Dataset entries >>
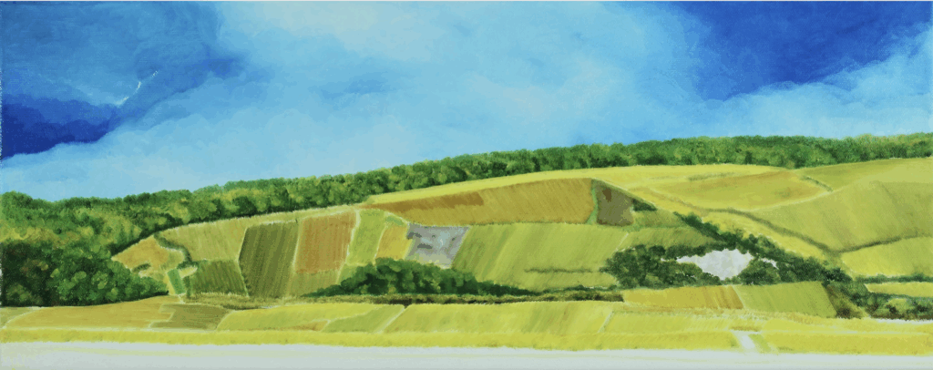 Dans cette approche, la couleur matière dialogue avec la couleur lumière — celle des écrans contemporains. Les collines, les forêts et les vignes de Champagne se transforment en espaces vibrants, unifiés par cette clarté particulière qui remplace le dessin traditionnel. Ce jeu subtil entre perception, abstraction et figuration crée une tension visuelle inédite : le regard oscille entre immersion et contemplation.
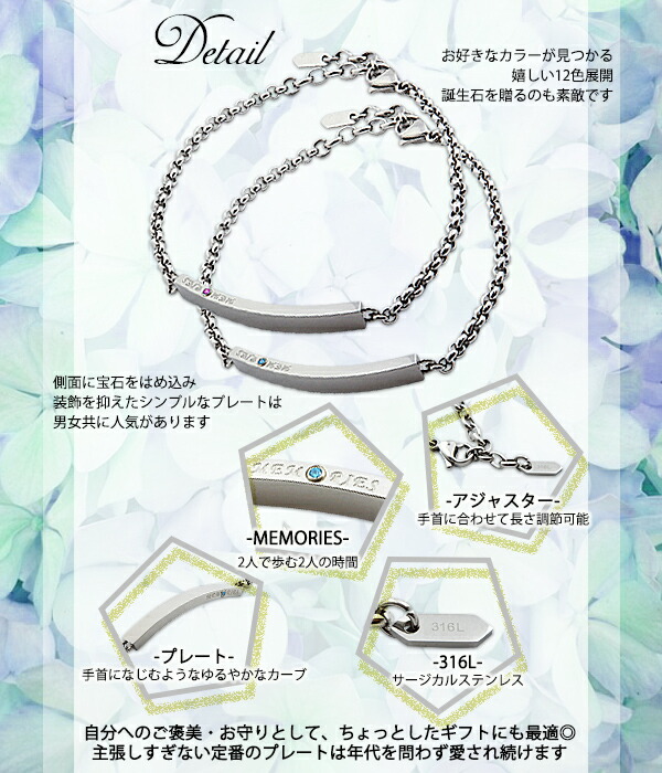 ペアブレスレット 2本セット ステンレス レーザー刻印無料 誕生石 ステンレスペアブレスレット サージカルステンレス ステン316L IDプレート バースストーン ペアブレス メッセージペアブレスレット メンズ レディース
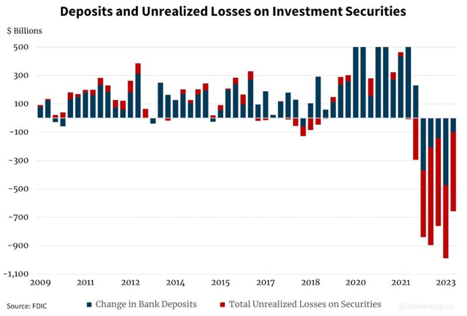 Unrealized losses on investment securities held by US banks is now at $558 billion, up 8.3% from the previous quarter. In addition, bank deposits have also declined for a fifth consecutive quarter.
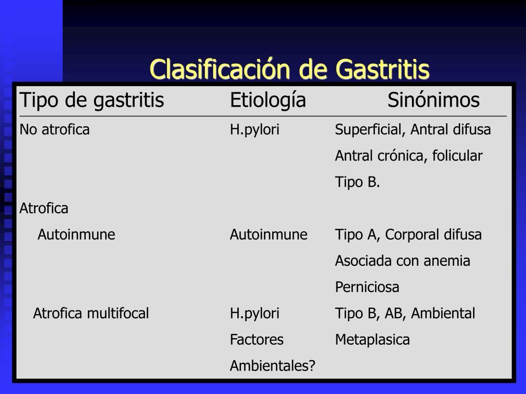 Clasificación de Gastritis Tipo de gastritis Etiología Sinónimos No atrofica H.pylori Superficial, Antral difusa Antral crónica, folicular Tipo B. Atrofica Autoinmune Autoinmune Tipo A, Corporal difusa Asociada con anemia Perniciosa Atrofica multifocal H.pylori Tipo B, AB, Ambiental Factores Metaplasica Ambientales?
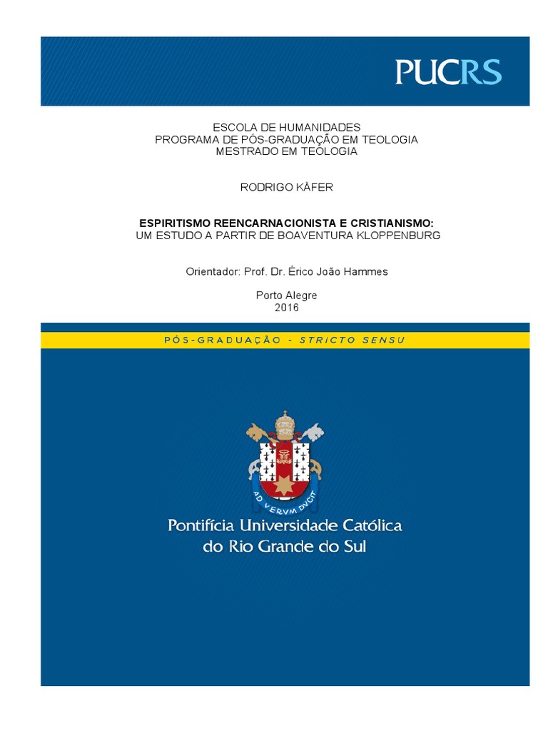 Entitled Reincarnation spiritism and Christianity: a study from Boaventura Kloppenburg, this
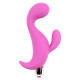 Мини вибратор для тройной стимуляции. Выполнен из 100% медицинского силикона. Подходит для стимуляции точки G, клиторальной и вагинальной стимуляции. Имеет 7 режимов вибрации. Водонепроницаемый, работает от батареек.
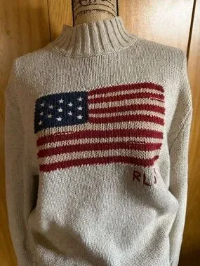 Ralph Lauren Cream Cable Knit Sweater with Navy Polo Label
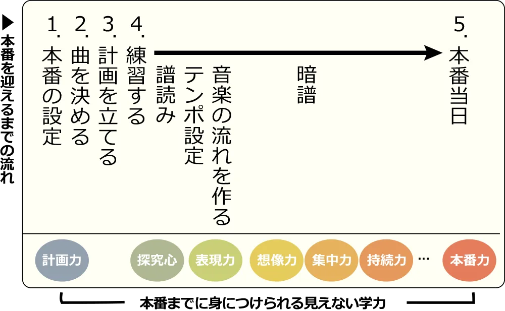 その見えない学力の鍛え方は、実はピアノのレッスンの中に詰まっています。ピアノを弾くには、楽譜を見る、考える、イメージを膨らませる、音を聴く、指を動かす・・・といった様々な力が必要です。それだけでも目、頭、耳、手を使った複合的な力の訓練ができますが、さらにピアノで発表会やコンクール等のステージ経験をすることは、それらの力をより深いところで鍛えることができる他、ある目標に向かって練習計画を立てる「計画力」や、日頃の練習の成果を大事な場面で発揮できる「本番力」を養う絶好の機会となるでしょう。
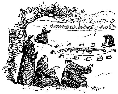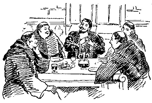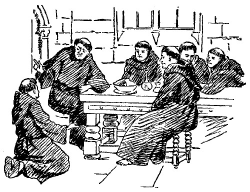 One day, when the monks were seated at their repast, the Abbot announced that a messenger had that morning brought news that a number of pilgrims were on the road and would require their hospitality.
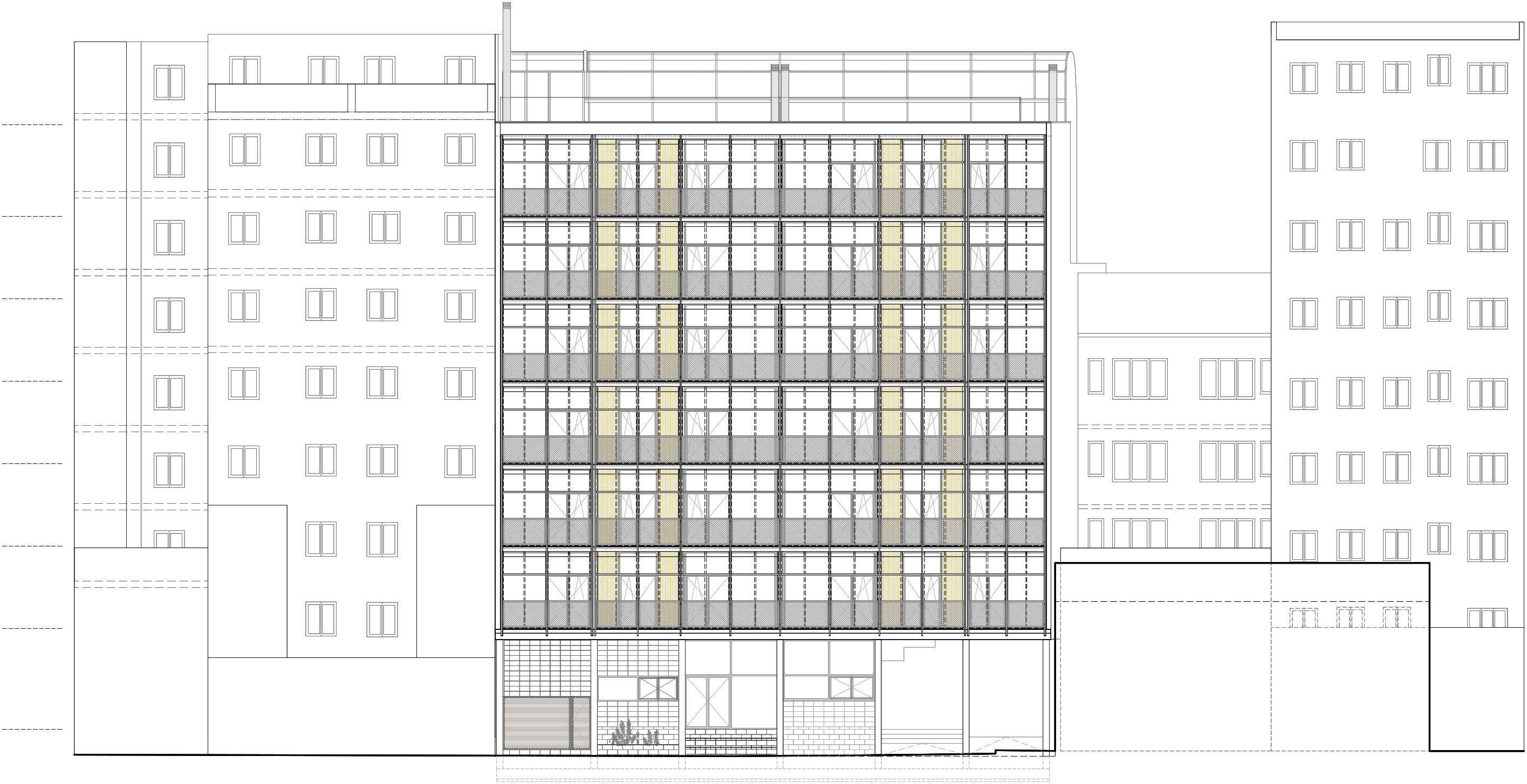El vacío central es un cuadrado. Sin un programa previamente definido, articula los programas en torno a él, a través de recorridos y puentes sugeridos en el primer piso, y permite diversos usos a lo largo de sus asientos y espacios libres. Los colores elegidos para las fachadas interiores (que varían del amarillo al verde) contribuyen a la diversidad y la atmósfera lúdica de esta plaza interior.
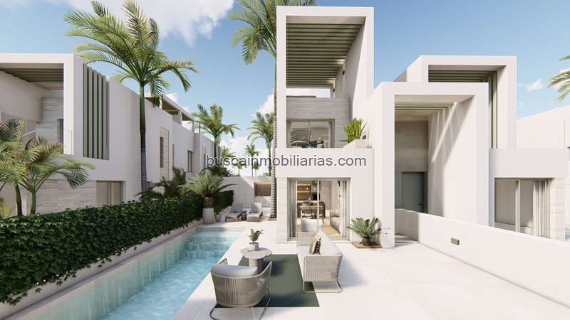Es un complejo de 30 Villas adosadas de tipo quad con piscina privada, ducha, aseo en exterior en la zona de la piscina, cocina de verano totalmente terminada y solárium.
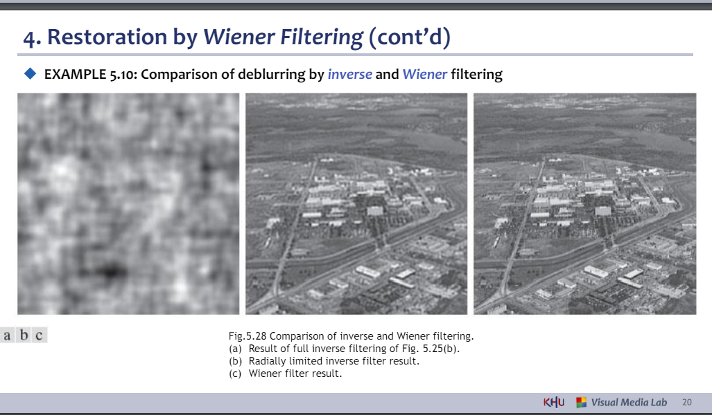 ◆ 예 5.10: 역필터링과 Wiener 필터링에 의한 디블러링 비교
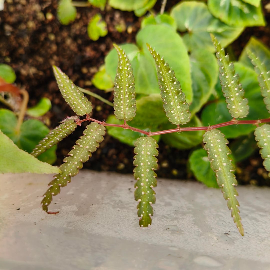 Last year, I crossed my white-spotted Begonia pteridiformis with a pink-spotted one. The seeds took about 6 months to germinate, most likely waiting for the rainy season to return.
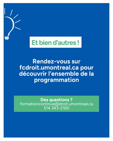 En mars, la Formation continue de la Faculté de droit de l’Université de Montréal vous propose plusieurs conférences consacrées notamment à l’éthique et au droit, au régime de responsabilité de l’IA à travers le spectre de l’assurabilité, ainsi qu’à la protection du public contre la fraude immobilière et au rôle clé joué par l’OACIQ.
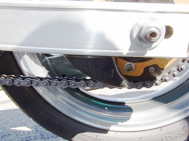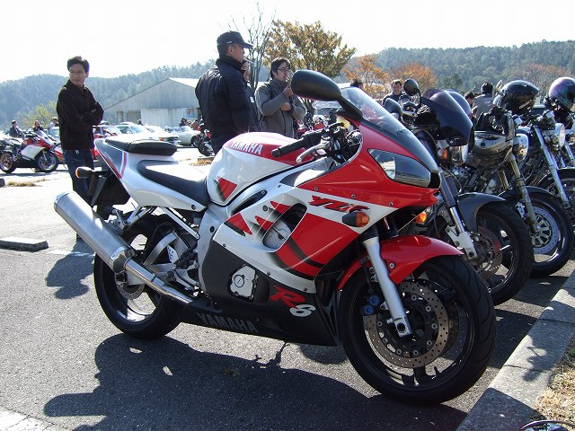 | AOKI氏が隠し持っている(!?)R6ですが、実車を拝見するのは初めて。 makotoさん的には、現行R6よりこっちの方がヤマハらしくてデザイン的に好みだなあ。 キレイな緑色のマシンはCBS氏。遥々中部man3からThe Simple氏と共に遠征。 そのSimple氏から、じゃんけん大会用にと非売品のカーボンチェーンカバーを提供していただきました。 重ねてありがたや。 | ||

What to work on >>
Could you output all of the entries above exactly? Leave the pictures out.

Solved exercise >>
 Dans cette approche, la couleur matière dialogue avec la couleur lumière — celle des écrans contemporains. Les collines, les forêts et les vignes de Champagne se transforment en espaces vibrants, unifiés par cette clarté particulière qui remplace le dessin traditionnel. Ce jeu subtil entre perception, abstraction et figuration crée une tension visuelle inédite : le regard oscille entre immersion et contemplation.
 ペアブレスレット 2本セット ステンレス レーザー刻印無料 誕生石 ステンレスペアブレスレット サージカルステンレス ステン316L IDプレート バースストーン ペアブレス メッセージペアブレスレット メンズ レディース
 Unrealized losses on investment securities held by US banks is now at $558 billion, up 8.3% from the previous quarter. In addition, bank deposits have also declined for a fifth consecutive quarter.
 Clasificación de Gastritis Tipo de gastritis Etiología Sinónimos No atrofica H.pylori Superficial, Antral difusa Antral crónica, folicular Tipo B. Atrofica Autoinmune Autoinmune Tipo A, Corporal difusa Asociada con anemia Perniciosa Atrofica multifocal H.pylori Tipo B, AB, Ambiental Factores Metaplasica Ambientales?
 Entitled Reincarnation spiritism and Christianity: a study from Boaventura Kloppenburg, this
 Мини вибратор для тройной стимуляции. Выполнен из 100% медицинского силикона. Подходит для стимуляции точки G, клиторальной и вагинальной стимуляции. Имеет 7 режимов вибрации. Водонепроницаемый, работает от батареек.
 Ralph Lauren Cream Cable Knit Sweater with Navy Polo Label
 その見えない学力の鍛え方は、実はピアノのレッスンの中に詰まっています。ピアノを弾くには、楽譜を見る、考える、イメージを膨らませる、音を聴く、指を動かす・・・といった様々な力が必要です。それだけでも目、頭、耳、手を使った複合的な力の訓練ができますが、さらにピアノで発表会やコンクール等のステージ経験をすることは、それらの力をより深いところで鍛えることができる他、ある目標に向かって練習計画を立てる「計画力」や、日頃の練習の成果を大事な場面で発揮できる「本番力」を養う絶好の機会となるでしょう。
 One day, when the monks were seated at their repast, the Abbot announced that a messenger had that morning brought news that a number of pilgrims were on the road and would require their hospitality.
El vacío central es un cuadrado. Sin un programa previamente definido, articula los programas en torno a él, a través de recorridos y puentes sugeridos en el primer piso, y permite diversos usos a lo largo de sus asientos y espacios libres. Los colores elegidos para las fachadas interiores (que varían del amarillo al verde) contribuyen a la diversidad y la atmósfera lúdica de esta plaza interior.
Es un complejo de 30 Villas adosadas de tipo quad con piscina privada, ducha, aseo en exterior en la zona de la piscina, cocina de verano totalmente terminada y solárium.
 ◆ 예 5.10: 역필터링과 Wiener 필터링에 의한 디블러링 비교
 Last year, I crossed my white-spotted Begonia pteridiformis with a pink-spotted one. The seeds took about 6 months to germinate, most likely waiting for the rainy season to return.
 En mars, la Formation continue de la Faculté de droit de l’Université de Montréal vous propose plusieurs conférences consacrées notamment à l’éthique et au droit, au régime de responsabilité de l’IA à travers le spectre de l’assurabilité, ainsi qu’à la protection du public contre la fraude immobilière et au rôle clé joué par l’OACIQ.
 | AOKI氏が隠し持っている(!?)R6ですが、実車を拝見するのは初めて。 makotoさん的には、現行R6よりこっちの方がヤマハらしくてデザイン的に好みだなあ。 キレイな緑色のマシンはCBS氏。遥々中部man3からThe Simple氏と共に遠征。 そのSimple氏から、じゃんけん大会用にと非売品のカーボンチェーンカバーを提供していただきました。 重ねてありがたや。 | ||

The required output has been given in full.